-- Information supplied follows --
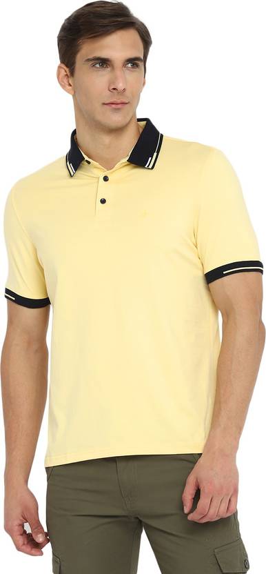 Men Solid Polo Neck Cotton Blend Yellow T-Shirt
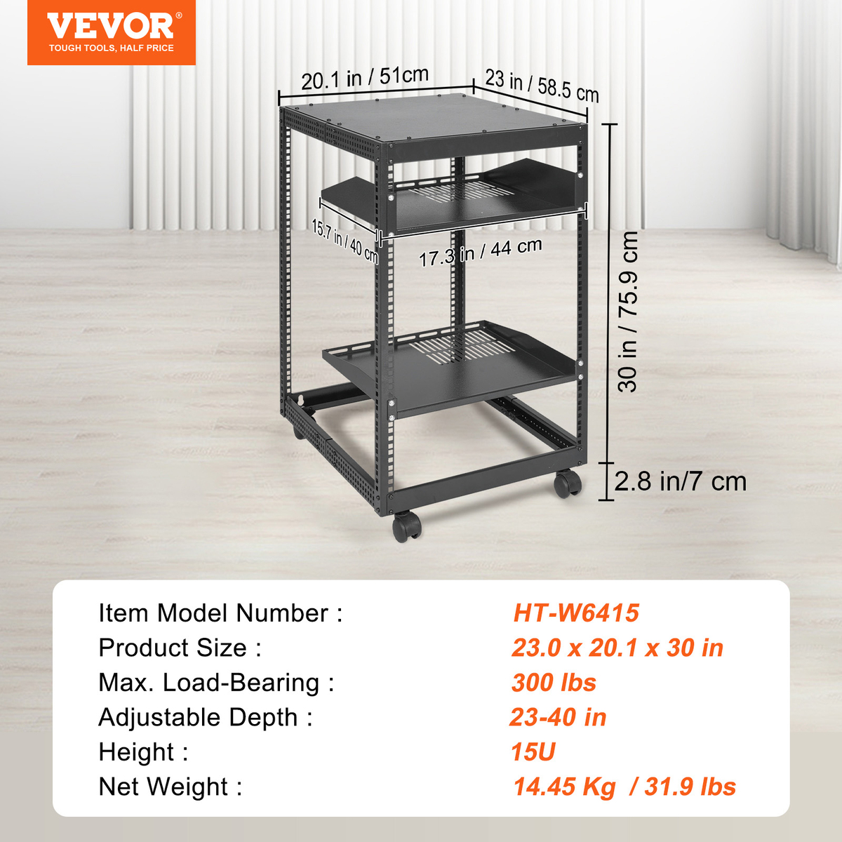 - VEVOR 15U Open Frame Server Rack, 23-40" Adjustable Depth, 4 Post with Casters
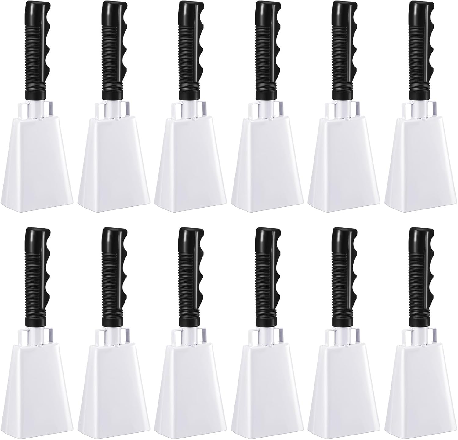 Pelopy 12 Pcs Large Cow Bell 9 '' Cowbell with Handle Cowbells for Sporting Events Hand Percussion Cheering Bell Chimes for Football Game, Alarm Loud Noise Makers, Musical Instrument(White)
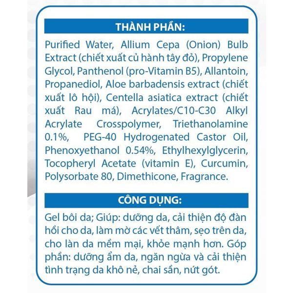 Purified Water, Allium Cepa (Onion) Bulb Extract (chiết xuất hành tây đỏ), Propylen glycol, Panthenol (pro-Vitamin B5), Allantoin, Propandiol, Aloe barbadensis extract (chiết xuất lô hội), Centella asiatica extract (chiết xuất Rau má), Acrylates/C10-C30 Alkyl Acrylate Crosspolymer, Triethanolamine, PEG-40 Hydrogenated Castor Oil, Phenoxyethanol, Ethylhexylglycerin, Tocopheryl Acetate (vitamin E), Curcurmin, Polysorbate 80, Dimethicone, Fragrance.
-- Information supplied concluded --
Task
Restate the data word for word without pictures.

Solution to the exercise
 Men Solid Polo Neck Cotton Blend Yellow T-Shirt
 - VEVOR 15U Open Frame Server Rack, 23-40" Adjustable Depth, 4 Post with Casters
 Pelopy 12 Pcs Large Cow Bell 9 '' Cowbell with Handle Cowbells for Sporting Events Hand Percussion Cheering Bell Chimes for Football Game, Alarm Loud Noise Makers, Musical Instrument(White)
 Purified Water, Allium Cepa (Onion) Bulb Extract (chiết xuất hành tây đỏ), Propylen glycol, Panthenol (pro-Vitamin B5), Allantoin, Propandiol, Aloe barbadensis extract (chiết xuất lô hội), Centella asiatica extract (chiết xuất Rau má), Acrylates/C10-C30 Alkyl Acrylate Crosspolymer, Triethanolamine, PEG-40 Hydrogenated Castor Oil, Phenoxyethanol, Ethylhexylglycerin, Tocopheryl Acetate (vitamin E), Curcurmin, Polysorbate 80, Dimethicone, Fragrance.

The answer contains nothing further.